Calxeda started out life in January 2008 as Smooth-Stone, and that was a reference to the rock that David put in his slingshot to slay Goliath with the strength of his arm. The company came out of stealth mode in August 2010, announcing that it had raised $48 million in two rounds of funding. The company closed its Series C in October 2012, bringing in another $55 million, and was in the process of peddling its Series D round when the investors said no dice on more dough.

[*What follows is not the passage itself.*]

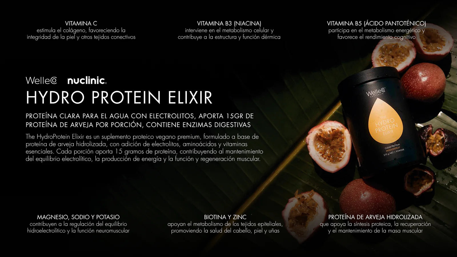 Un polvo proteico premium y vegano, The HydroProtein Elixir está formulado con una combinación de proteína de arveja hidrolizada, electrolitos, aminoácidos y vitaminas. Con 15 gramos de proteína por porción, apoya el equilibrio de electrolitos para un cuerpo saludable y activo, la producción de energía y la función y reparación muscular.

Evans and ARM Holdings kicked in angel funding to get the company started. Advanced Technology Investment Company, the investment arm of the government of Abu Dhabi that owns chip foundry GlobalFoundries, was an early investor in Calxeda, as was Battery Ventures, Flybridge Capital Partners, and Highland Capital Partners. Austin Ventures and Vulcan Capital were added during the Series C round.

Evans, who used to run Intel's low-powered X86 and XScale ARM server chip unit (the latter which it bought from Digital equipment and then sold to Marvell), was joined in founding Calxeda by chip engineer David Borland, who worked at Intel, AMD, and Marvell. Larry Wikelius, who managed alliances for Opteron server maker Newisys before it was acquired by contract manufacturer Sanmina-SCI in 2003, was also a co-founder.

The question now is what is the Fleet Fabric interconnect worth? Calxeda raised a total of $103 million, and a substantial portion of the investment was used to license ARM cores and to develop that interconnect. The price will no doubt depend on how well it performs at scale, and as far as we know, no one has bought enough servers based on the Calxeda chips to push it to the limits.